A CLI-tool to diff Keepass (.kdbx) files. Useful, if syncing with Dropbox or NextCloud and getting multiple files due to conflicts.
https://keepass-diff.narigo.dev/
MIT License
306 stars 28 forks source link

Provide option to use keepass-diff in container #38

Closed Timoses closed 2 years ago

Timoses commented 2 years ago

Optionally you could sync/push to a container registry.

Motivation: I personally prefer using containers for applications where I do not want to install the libraries for. This gives a quick way to use keepass-diff in a container.

Narigo commented 2 years ago

Hey @Timoses - thanks for this PR! I'm unsure whether to merge this though. I'm currently using the Dockerfile with docker-box, which is basically opening a docker container in the current directory based on either a docker-compose.yml or a Dockerfile. With dr bash I open this container and have the Rust compiler and toolchain available to work with.

I'm wondering how I could make this available for you and others as well. How much would it differ from keepass-diff to run in a container than as a direct executable, as it would still be able to inspect your passwords...?

Timoses commented 2 years ago

Hey @Timoses - thanks for this PR! I'm unsure whether to merge this though. I'm currently using the Dockerfile with docker-box, which is basically opening a docker container in the current directory based on either a docker-compose.yml or a Dockerfile. With dr bash I open this container and have the Rust compiler and toolchain available to work with.

docker-box sounds like a not so popular tool (never heard of it). Further, it sounds like a kind of build tool you use?

In any way, it would be most practical if you had a container repository you would push your built images to.

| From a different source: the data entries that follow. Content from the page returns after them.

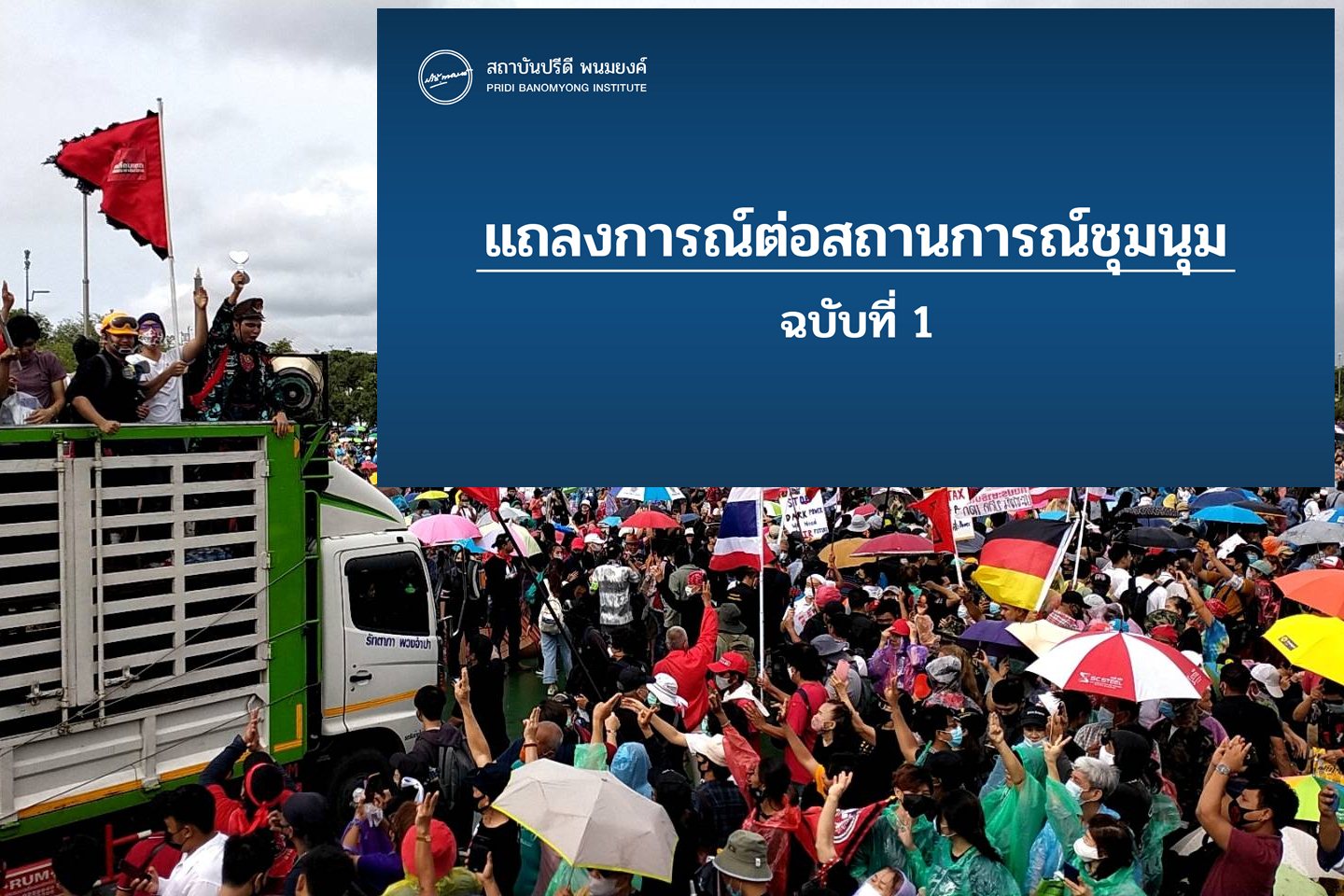 เมื่อวันที่ 19 ก.ย. 63 สถาบันปรีดี พนมยงค์ ได้ ออกแถลงการณ์ต่อสถานการณ์ชุมนุม ฉบับที่ 1 มีเนื้อหาดังนี้
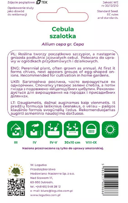 Nasiona wysiewać wczesna wiosną w rzędy co 30 cm. Jesienią otrzymamy pojedyncze cebulki, z których większe przeznacza się do spożycia, a mniejsze stanowią doskonały materiał rozmnożeniowy na następny rok. Szalotka ma niewielkie wymagania klimatyczne. Wymaga gleb średnio zwięzłych, przepuszczalnych, zasobnych w próchnicę.
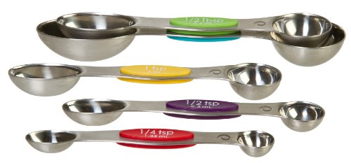 - Double-ended measuring spoons give you two sets in one; snap fit together for storage
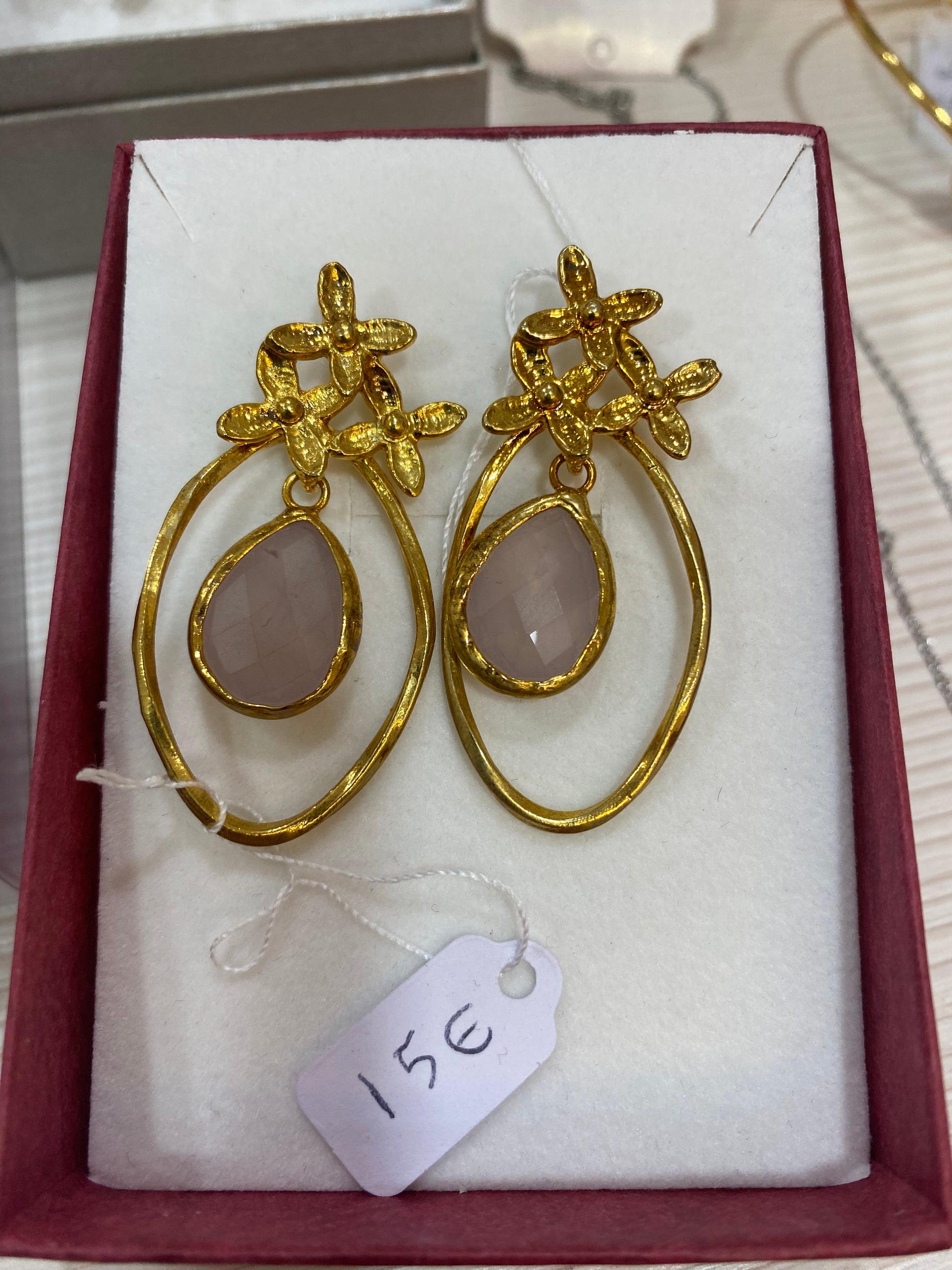 Pendente a Goccia: Dai fiori scende un grande ovale aperto in metallo dorato. Al suo interno, incastonata con cura, pende una pietra a forma di goccia.

I'm wondering how I could make this available for you and others as well. How much would it differ from keepass-diff to run in a container than as a direct executable, as it would still be able to inspect your passwords...?

It doesn't differ too much. Advantage: One does not have to install rust (only docker or podman). With the alias defined in the README.md of this PR one would just have to cd to the directory where the keepass-files are and can then execute it as one would with a normal system binary. (The alias uses -v $(pwd):/app to mount the current working directory into the /app directory in the container.

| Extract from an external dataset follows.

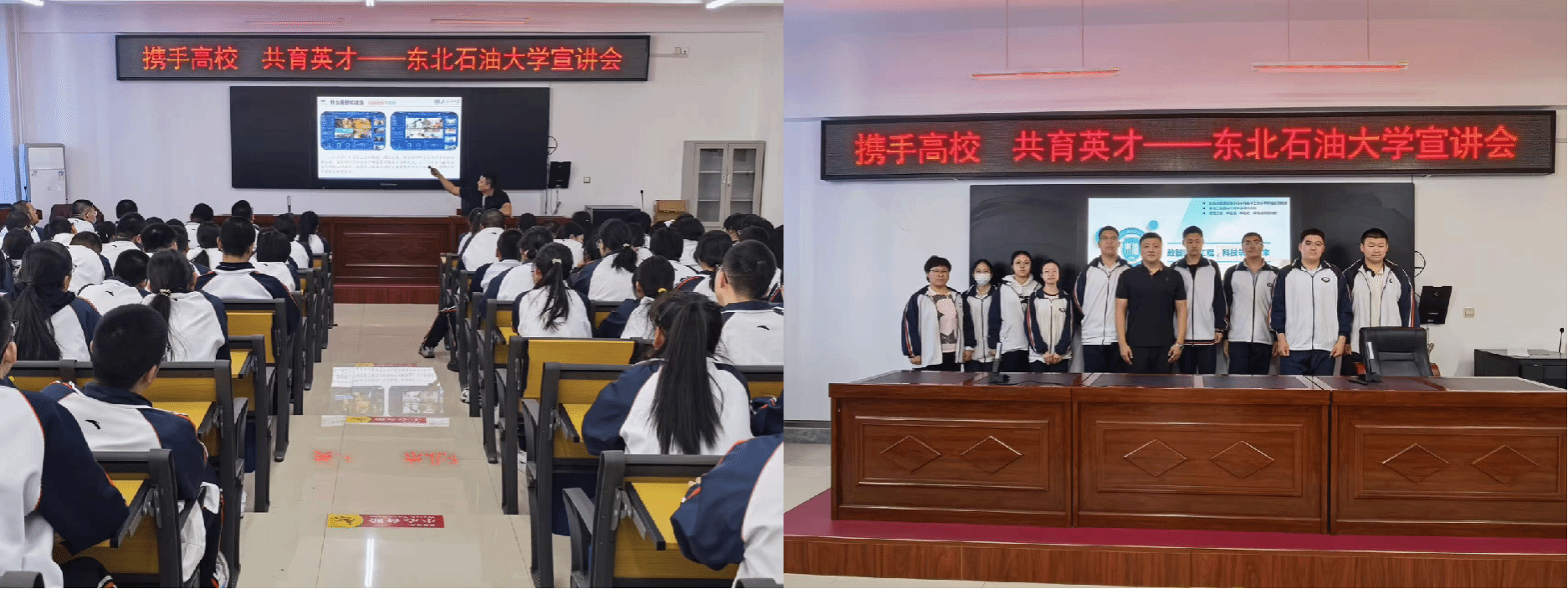 交流座谈中,王桐向两所学校领导详细介绍了我校基本情况、育人优势、办学成就及人才培养特色等。他提到,东北石油大学是一所有着65年深厚积淀的能源大学,始终坚持“质量立校、人才强校、特色兴校、文化润校”的办学理念,坚持“强陆、拓海、壮新”的发展战略,构建了独具特色的“大庆精神”育人体系。近年来在学科建设、科研成果、人才培养等方面均取得显著成绩。同时,王桐代表学校,对黑龙江省各级教育部门及两所中学给予我校招生宣传工作的大力支持表示衷心感谢,并期待未来能在优质人才培养、高等教育与基础教育衔接等方面开展更深层次的合作。

Timoses commented 2 years ago

You could just as well create an extra Dockerfile, e.g. release.dockerfile (I prefer 'Containerfile' name as it is more general): release.containerfile

Then the docker command to build would be docker build -f release.containerfile

Narigo commented 2 years ago

docker-box sounds like a not so popular tool (never heard of it). Further, it sounds like a kind of build tool you use?

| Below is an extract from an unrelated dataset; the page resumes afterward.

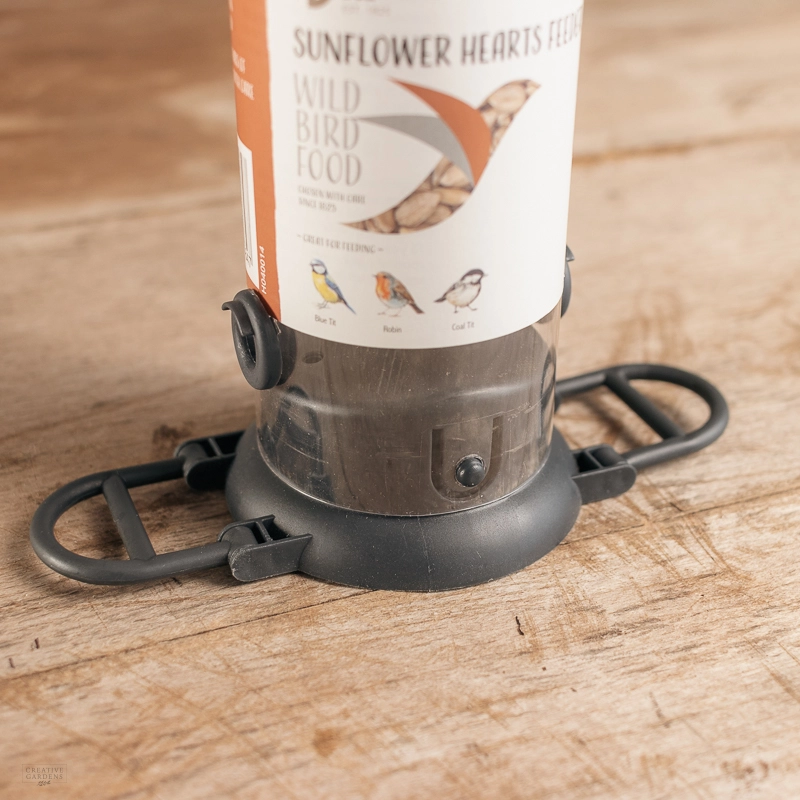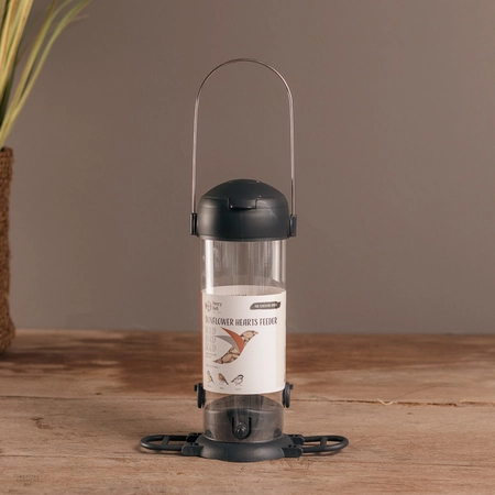 A sleek, contemporary, robust feeder in grey featuring an easy opening lid and a removable base for easy cleaning. The design incorporates a bird friendly perches to enable birds to comfortably feed and an angled base to ensure the sunflower hearts flow to the feeding ports. This feeder holds approximately 220g of our sunflower hearts. The product label colours match the sunflower hearts range to support easier shopability to identify the right feed to put in your feeder.

Haha, yeah, that's because I've built it 😉 It's just a quick way to run Docker containers with the current working directory mounted. Basically, I don't have to install Rust, Node or whatever the project needs on my machine and can work with it in a Linux based container. I can also use it to containerize other tools with it so these tools are more or less sandboxed in the container environment.

It doesn't differ too much. Advantage: One does not have to install rust (only docker or podman). With the alias defined in the README.md of this PR one would just have to cd to the directory where the keepass-files are and can then execute it as one would with a normal system binary. (The alias uses -v $(pwd):/app to mount the current working directory into the /app directory in the container.

Ok, so this is basically what I do with docker-box, making only the current working directory available for the program.

Still, the tool could read all the passwords, so I guess there is not a big difference of how much trust you need to have in the program. I'm not sure whether you should give a tool like this the master password for your password database if you didn't see the source before to make sure it really does only what it says it does.

Getting a PR like this seems to me as if users want to have a more user-friendly way to use this tool and there is enough trust to run it more or less directly. Initially, I thought you should invest the time to read the source before using it and I also didn't really know how to create executables for all environments. I assume it could be done through GitHub actions now to build executable releases for all platforms and upload the artifacts as releases.

If you change the PR according to your suggestion (create release.containerfile, update the doc) as you've suggested, I can merge it. It's probably a quick win before I'm able to figure out how to properly create a GitHub action that automatically creates releases

Narigo commented 2 years ago

I've created it now myself, as I have seen more forks adding this part from docker now. I'll close this in favor of #40

Narigo commented 2 years ago

Thanks again @Timoses for pushing for this!!